The pilot hole drilling from the Abana West cluster located a tighter structure with a thicker oil column than anticipated. It also defined a saddle between the two structural highs tested by the exploration wells. Based on these results, we concluded that we could drain the Abana West structure with one less horizontal well.
Two of the pilot holes, one from each cluster, were deepened to test exploration potential in deeper dip closed structures. Total footage drilled for the pilot holes and exploration tails was over 47,000 ft.
The total footage drilled during the 10-month drilling campaign on the Abana Field development was in excess of 134,000 ft and included three rig moves. Average daily footage drilled on Abana East was 438 ft per day, and 689 ft per day on Abana West. During this operation, no fishing jobs for tools or stuck pipe occurred.
Sand prediction tests were performed by IKU of Trondheim and Imperial College London on selected full-bore preserved core samples from the Abana East pilot hole. Analysis of the results indicated that sanding was not predicted until drawdowns in excess of 25 psi were encountered. Based on this analysis, the decision was made not to run sand screens in the completion strings of the horizontal wells.

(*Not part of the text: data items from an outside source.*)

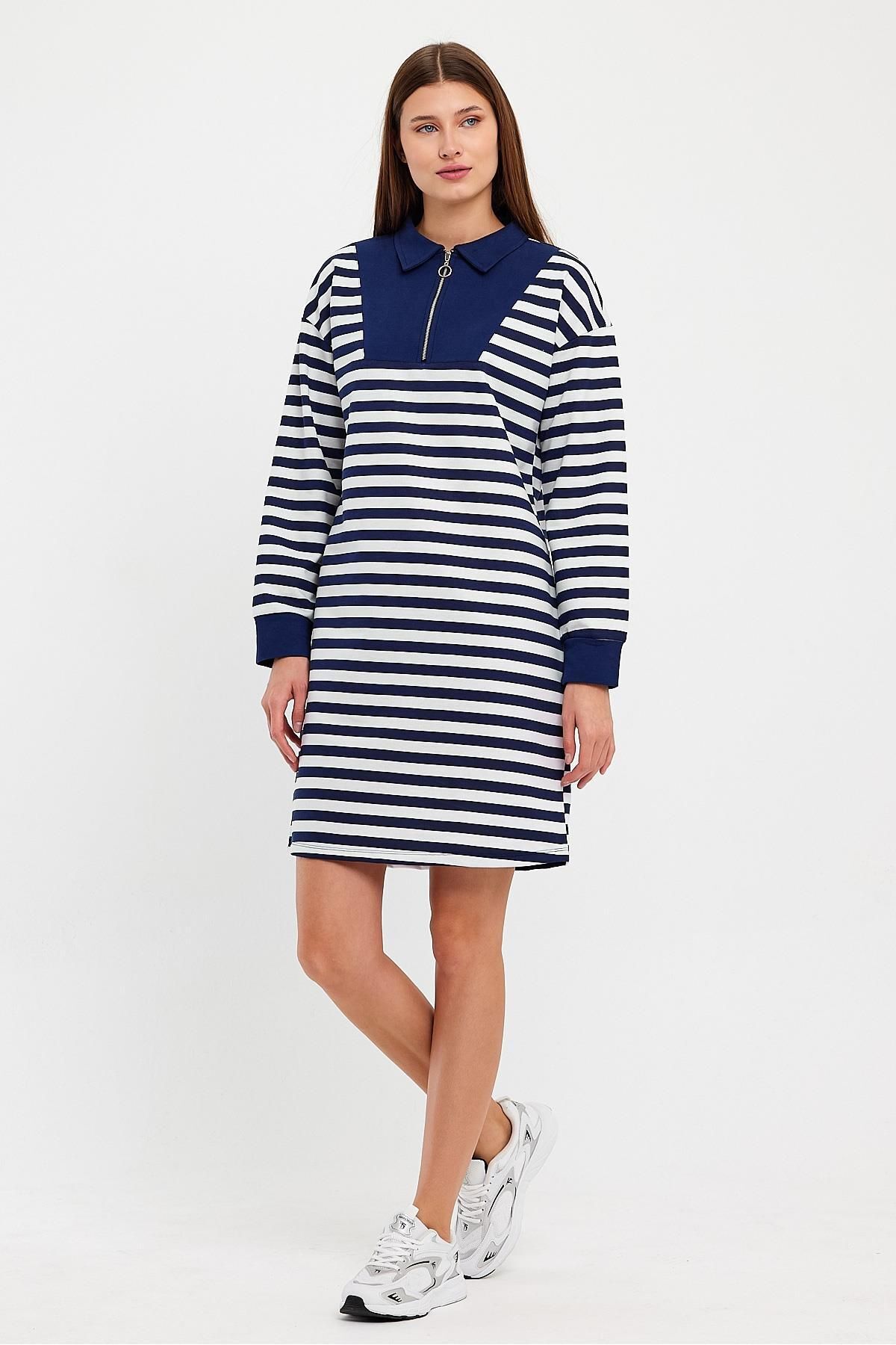 Kadın Çizgili Kuşaklı Omuz Düğme Detaylı Elbise Kadın Çizgili Kuşaklı Omuz Düğme Detaylı Elbise ESP-E00135 2XL
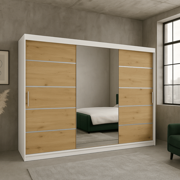 Pojemna szafa trzydrzwiowa RIO-3 180 z dużym lustrem oraz z systemem drzwi przesuwnych.
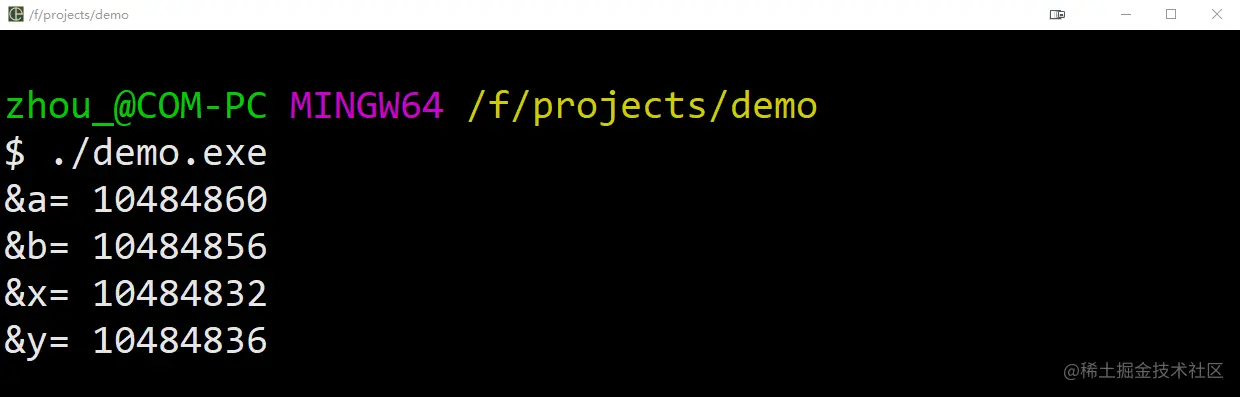 函数 func 内部, &x 、 &y 取得变量 x 、 y 的指针,类型为 int * 。
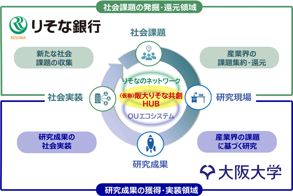 「よりよい未来社会の創造」及び「地域社会の発展」の実現に向け、世界をリードする研究力及びイノベーション創出の強固な基盤を誇る大阪大学と、広範なネットワークを有するりそな銀行が互いの強みを融合させ、新たな価値創造による社会課題解決を目指した共同研究等の組成や大阪大学発スタートアップの創出・育成に取り組みます。
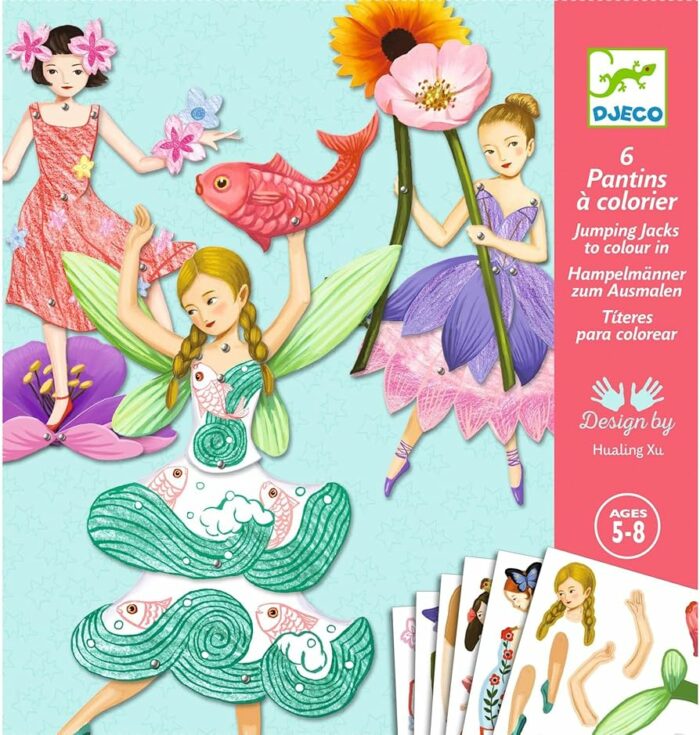 On colorie, puis on assemble avec des attaches parisiennes, et cela devient des pantins animés avec lesquels il est rigolo de jouer.
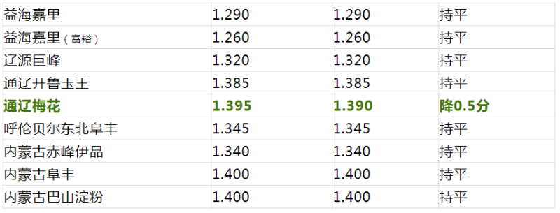 山东菏泽华瑞:降0.5分,普麦1.560元。
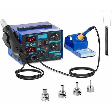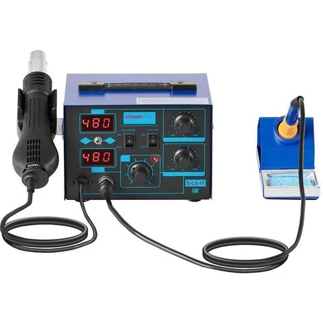 Cette station de soudage numérique a été conçue notamment pour des activités industrielles comme les réparations ou la construction. Elle convient également pour le loisir d’utilisateur expérimenté en électronique. La structure compacte et les poignées ergonomiques de la station la rendent mobile et surtout économe en place. Évidemment, toutes les stations de soudage de Stamos Soldering ESD sont fiables et sûres! L’alimentation électrique de l’appareil est connectée à la base de la station dans laquelle vous pouvez trouver tous types de fonctions et raccords dont vous avez besoin. De plus, elle dispose de deux écrans LED qui affichent les températures des deux outils (fer à souder et buse à air chaud). De plus, la station de soudage S-LS-17 Basic est équipée d’un support latéral pour la buse à air chaud. La buse à air chaud, d’une puissance de 650 Watts, est tant adaptée pour souder des éléments montés en surface que pour les dessouder (SOIC, CHIP, QFP, PLCC, BGA, SMD) et ce, via la technique d’air chaud propulsé. La résistance intégrée du fer à braser vous garantit une transmission de chaleur des plus efficaces. Doté de 75 Watts de puissance, ce fer à souder vous permettra de produire avec aisance des connexions mécaniques fiables. Grâce à la résistance intégrée, la chaleur est directement transmise à la panne de soudure et garantit une répartition optimale de la chaleur. Le fer à souder est équipé d’un dispositif particulier qui permet d’aspirer instantanément les fumées de soudures. La prise en main ergonomique et agréable du fer à souder vous permet de travailler avec précision et en tout confort. Le socle et son éponge sèche permettent de ranger le fer à souder ainsi qu’à nettoyer la panne de soudure.
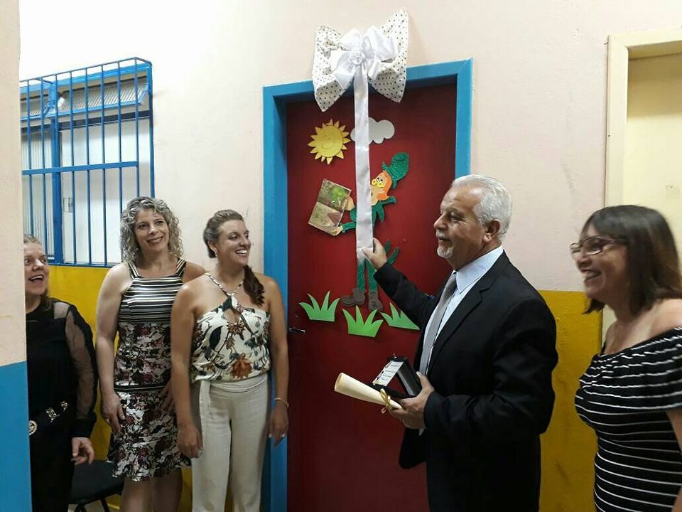 Na noite da última sexta-feira (23/02) foi inaugurada a Sala de Leitura e Vídeo do Pré-escolar Municipal Branca de Neve, em homenagem ao professor Antônio do Livramento da Costa, carinhosamente conhecido como Toni do Praxedes. A secretária municipal de educação, Sirlene Aliane, também homenageou a “dona” Namir Lopes Andrade Silva, autora do hino da escola. “Fico muito feliz em poder homenagear em vida, estas duas pessoas tão importantes”, destacou.
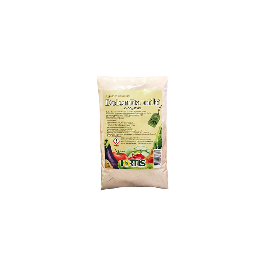 Barības elementu saturs: Kalcijs (Ca) - 18,8%; Magnijs (Mg) - 12,0%.
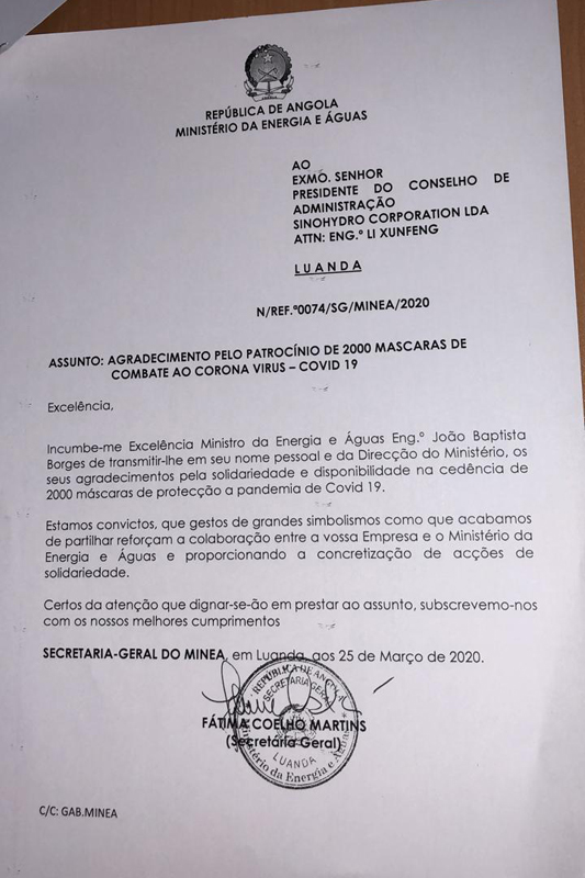 當?shù)貢r間4月24日,中國電建安哥拉代表處收到來自中國駐安哥拉大使館的表揚信,信中高度贊揚了中國電建安哥拉代表處在安哥拉進入國家緊急狀態(tài)的疫情期間,克服困難,對使館各項水電設備維修維護工作高度重視,多次選派專業(yè)技術人員前往使館協(xié)助檢修維護,為使館在疫情期間的正常秩序提供了有效保障。表揚信對中國電建“自強不息,勇于超越”的企業(yè)精神風貌和社會責任感給予了肯定,并感謝中國電建對使館工作一如既往的支持。

If the analysis of the core for sanding potential proves to be unrepresentative of typical field conditions, then the use of 7-in. predrilled liners will allow for the retroactive installation of sand control screens. Gravel pack completions were installed in the water injection wells.
The wells are now in the early stages of production and the reservoir performance is being monitored via the six SRO gauges installed in the completion strings. The data from these gauges have indicated that while there is good evidence of aquifer support there is also a clear need for the additional pressure support provided by the water injection wells. Production is currently in the range of 30,000 b/d of oil with individual well drawdowns of 3-5 psi.
The author would like to thank Chief O.B. Lulu-Briggs, Chairman of Moni Pulo Ltd, for permission to publish and for key contributions, and recognize the major contribution of Petroleum Professionals International and the crew of Noble Drilling's jackup Don Walker.